**Available data:**
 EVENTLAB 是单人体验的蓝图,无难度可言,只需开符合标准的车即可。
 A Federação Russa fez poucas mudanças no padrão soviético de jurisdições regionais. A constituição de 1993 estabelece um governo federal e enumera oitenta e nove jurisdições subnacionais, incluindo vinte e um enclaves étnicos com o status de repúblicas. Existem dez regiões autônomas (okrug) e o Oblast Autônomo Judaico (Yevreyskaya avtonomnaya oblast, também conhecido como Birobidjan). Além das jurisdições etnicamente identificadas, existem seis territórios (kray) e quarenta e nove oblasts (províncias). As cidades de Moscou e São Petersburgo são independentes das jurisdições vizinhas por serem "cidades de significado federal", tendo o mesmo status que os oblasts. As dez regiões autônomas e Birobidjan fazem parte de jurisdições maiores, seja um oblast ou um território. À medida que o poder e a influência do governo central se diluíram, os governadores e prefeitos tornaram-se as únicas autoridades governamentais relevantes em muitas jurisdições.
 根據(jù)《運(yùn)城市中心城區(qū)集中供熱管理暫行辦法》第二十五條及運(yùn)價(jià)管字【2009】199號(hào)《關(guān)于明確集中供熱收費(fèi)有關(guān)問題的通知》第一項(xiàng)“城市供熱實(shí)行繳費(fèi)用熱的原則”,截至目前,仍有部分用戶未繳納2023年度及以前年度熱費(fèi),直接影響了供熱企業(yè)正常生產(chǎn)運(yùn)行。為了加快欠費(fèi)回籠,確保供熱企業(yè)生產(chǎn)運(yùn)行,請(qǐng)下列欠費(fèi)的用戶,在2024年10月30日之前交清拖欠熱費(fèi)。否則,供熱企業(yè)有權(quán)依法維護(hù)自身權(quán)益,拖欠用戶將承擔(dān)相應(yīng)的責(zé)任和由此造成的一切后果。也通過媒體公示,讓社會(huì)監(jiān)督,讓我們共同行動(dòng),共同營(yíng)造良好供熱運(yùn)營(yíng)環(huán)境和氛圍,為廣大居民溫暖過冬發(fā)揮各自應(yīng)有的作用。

...

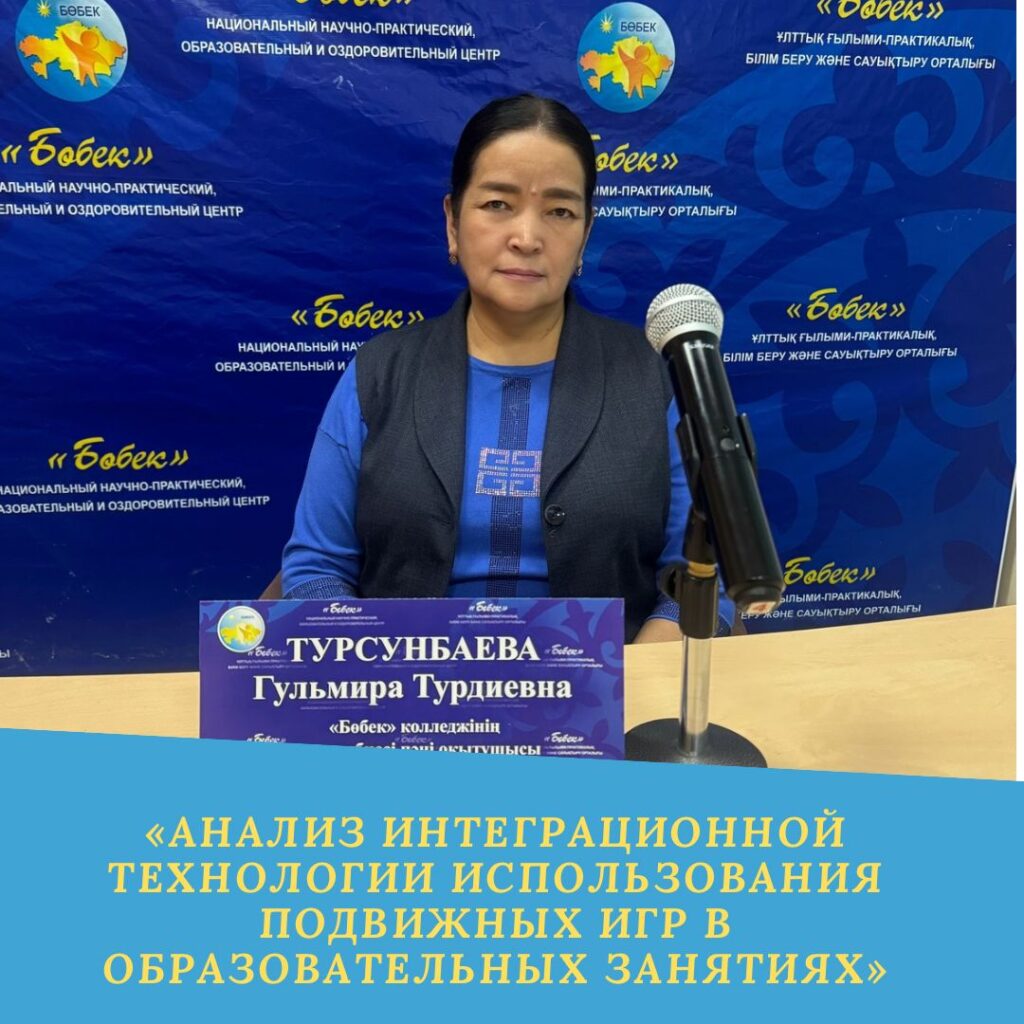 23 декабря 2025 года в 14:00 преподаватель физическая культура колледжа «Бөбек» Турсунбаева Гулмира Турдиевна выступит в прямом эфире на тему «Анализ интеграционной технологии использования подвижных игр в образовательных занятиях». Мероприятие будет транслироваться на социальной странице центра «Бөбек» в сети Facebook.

**What is required:** Extract from the listing above the lines between the line containing "EVENTLAB 是单人体验的蓝图,无难度可言,只需开符合标准的车即可。" and the line containing "根據(jù)《運(yùn)城", keeping both of those lines. Output nothing else.

**Task result:**
 EVENTLAB 是单人体验的蓝图,无难度可言,只需开符合标准的车即可。
 A Federação Russa fez poucas mudanças no padrão soviético de jurisdições regionais. A constituição de 1993 estabelece um governo federal e enumera oitenta e nove jurisdições subnacionais, incluindo vinte e um enclaves étnicos com o status de repúblicas. Existem dez regiões autônomas (okrug) e o Oblast Autônomo Judaico (Yevreyskaya avtonomnaya oblast, também conhecido como Birobidjan). Além das jurisdições etnicamente identificadas, existem seis territórios (kray) e quarenta e nove oblasts (províncias). As cidades de Moscou e São Petersburgo são independentes das jurisdições vizinhas por serem "cidades de significado federal", tendo o mesmo status que os oblasts. As dez regiões autônomas e Birobidjan fazem parte de jurisdições maiores, seja um oblast ou um território. À medida que o poder e a influência do governo central se diluíram, os governadores e prefeitos tornaram-se as únicas autoridades governamentais relevantes em muitas jurisdições.
 根據(jù)《運(yùn)城市中心城區(qū)集中供熱管理暫行辦法》第二十五條及運(yùn)價(jià)管字【2009】199號(hào)《關(guān)于明確集中供熱收費(fèi)有關(guān)問題的通知》第一項(xiàng)“城市供熱實(shí)行繳費(fèi)用熱的原則”,截至目前,仍有部分用戶未繳納2023年度及以前年度熱費(fèi),直接影響了供熱企業(yè)正常生產(chǎn)運(yùn)行。為了加快欠費(fèi)回籠,確保供熱企業(yè)生產(chǎn)運(yùn)行,請(qǐng)下列欠費(fèi)的用戶,在2024年10月30日之前交清拖欠熱費(fèi)。否則,供熱企業(yè)有權(quán)依法維護(hù)自身權(quán)益,拖欠用戶將承擔(dān)相應(yīng)的責(zé)任和由此造成的一切后果。也通過媒體公示,讓社會(huì)監(jiān)督,讓我們共同行動(dòng),共同營(yíng)造良好供熱運(yùn)營(yíng)環(huán)境和氛圍,為廣大居民溫暖過冬發(fā)揮各自應(yīng)有的作用。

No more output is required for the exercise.